All of the data should be output character for character, except the pictures.

▶ _Provided data_
☆ ☆ ☆ ☆ ☆

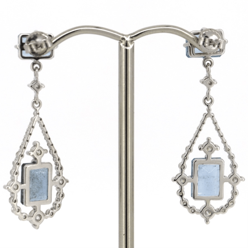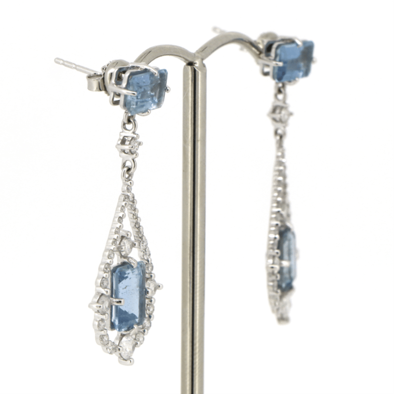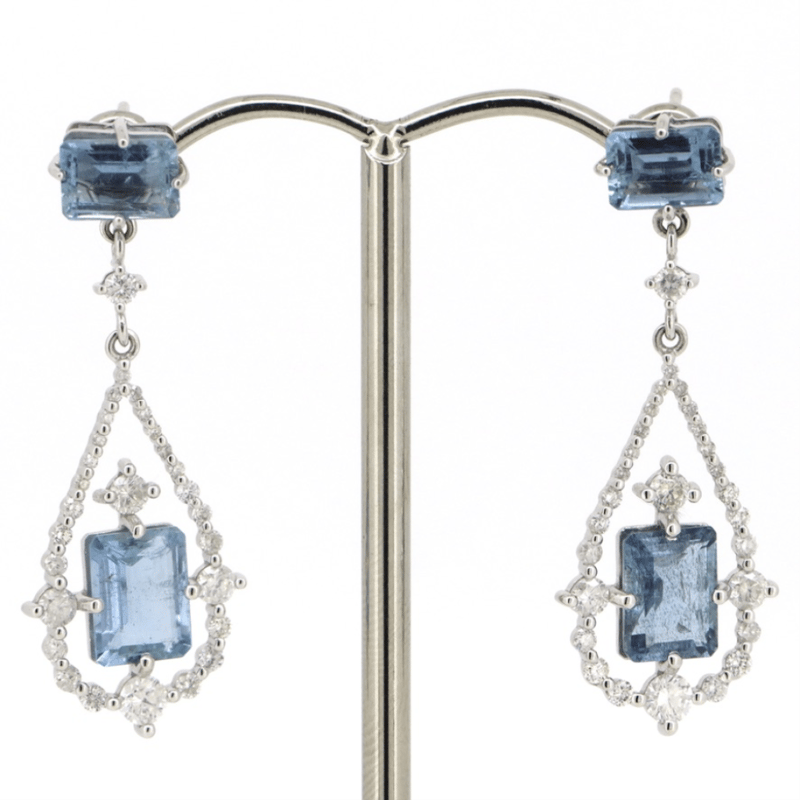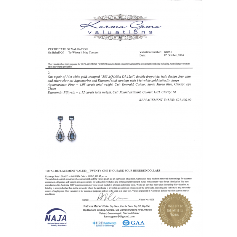 14K WHITE GOLD, SANTA MARIA BLUE AQUAMARINE AND DIAMOND, DROP EARRINGS. The Design Features, 4 Emerald Cut, Santa Maria Blue, Aquamarine (4.08Ct Tsw, Eye Clean Clarity), Claw Set. Surrounding The Stones In Halos And Decorating The Joins Are, 56 Round Brilliant Cut, Diamonds (1.12Ct Tdw, G-H Colour, Si Clarity), Micro-Claw Set. The Earrings Have Post Backs, With 14K White Gold Butterfly Clasps. Condition: New. Valuations Provided by an Independent Third-Party Professional Not Directly Associated With Lloyds Auctions at AUD $$21,400.00This valuation has been conducted by an independent third-party professional. The valuation amount is an assessment by the issuing valuer and does not reflect the auction value of the item. Any inquiries regarding the valuation should be directed to the issuing valuer (refer to contact details on the certificate), as Lloyds Auctions has no affiliation or influence over the valuation, the valuer, or the stated amount. Condition: Good - Refer Images 0645888+1395
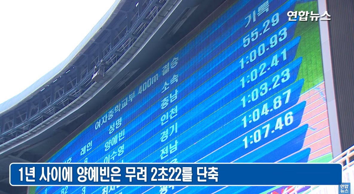 2019년 7월 29일. 양예빈이 중 3이었을 때, 여자 400미터 55초 29로, 29년만에 중학생 기록을 경신한 바 있다.
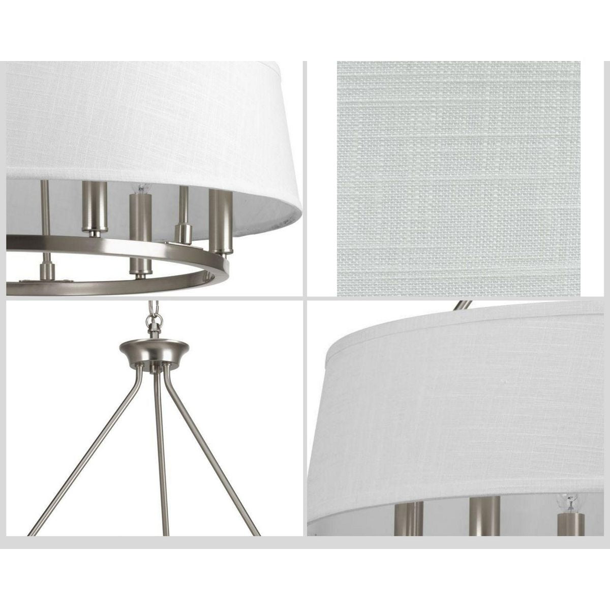 Illuminate your home with the Cherish 6-Light Chandelier from Progress Lighting. This stunning fixture boasts a contemporary brushed nickel finish and a crisp white linen shade to create a warm, inviting glow. Perfect for dining rooms, kitchens, and more, this chandelier is ideal for bringing modern elegance to any space.
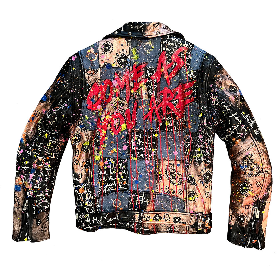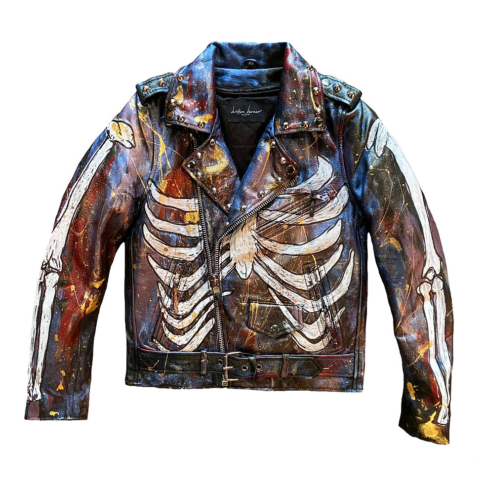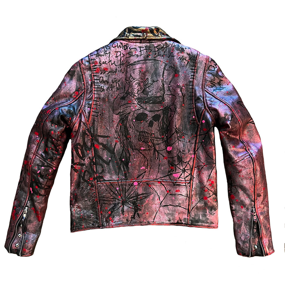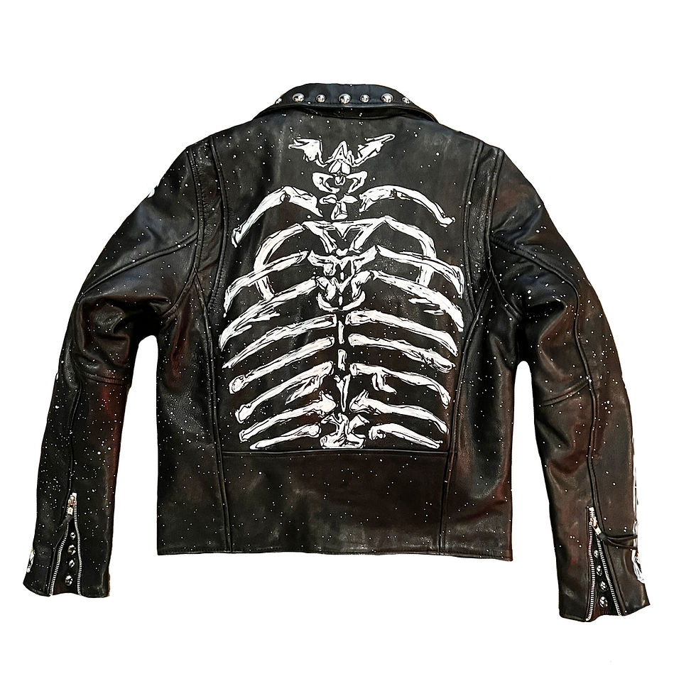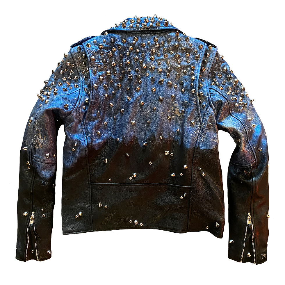Browse our curated collection of past designs to find inspiration for your custom one-of-a-kind leather jacket. All of our jackets are handcrafted and made to order. Upon purchase, we will be in contact to discuss customizations, including colors, studding, imagery and words. Together we'll create a statement piece that's undeniably you.

☆ ☆ ☆ ☆ ☆

▶ _Exercise response_
 14K WHITE GOLD, SANTA MARIA BLUE AQUAMARINE AND DIAMOND, DROP EARRINGS. The Design Features, 4 Emerald Cut, Santa Maria Blue, Aquamarine (4.08Ct Tsw, Eye Clean Clarity), Claw Set. Surrounding The Stones In Halos And Decorating The Joins Are, 56 Round Brilliant Cut, Diamonds (1.12Ct Tdw, G-H Colour, Si Clarity), Micro-Claw Set. The Earrings Have Post Backs, With 14K White Gold Butterfly Clasps. Condition: New. Valuations Provided by an Independent Third-Party Professional Not Directly Associated With Lloyds Auctions at AUD $$21,400.00This valuation has been conducted by an independent third-party professional. The valuation amount is an assessment by the issuing valuer and does not reflect the auction value of the item. Any inquiries regarding the valuation should be directed to the issuing valuer (refer to contact details on the certificate), as Lloyds Auctions has no affiliation or influence over the valuation, the valuer, or the stated amount. Condition: Good - Refer Images 0645888+1395
 2019년 7월 29일. 양예빈이 중 3이었을 때, 여자 400미터 55초 29로, 29년만에 중학생 기록을 경신한 바 있다.
 Illuminate your home with the Cherish 6-Light Chandelier from Progress Lighting. This stunning fixture boasts a contemporary brushed nickel finish and a crisp white linen shade to create a warm, inviting glow. Perfect for dining rooms, kitchens, and more, this chandelier is ideal for bringing modern elegance to any space.
Browse our curated collection of past designs to find inspiration for your custom one-of-a-kind leather jacket. All of our jackets are handcrafted and made to order. Upon purchase, we will be in contact to discuss customizations, including colors, studding, imagery and words. Together we'll create a statement piece that's undeniably you.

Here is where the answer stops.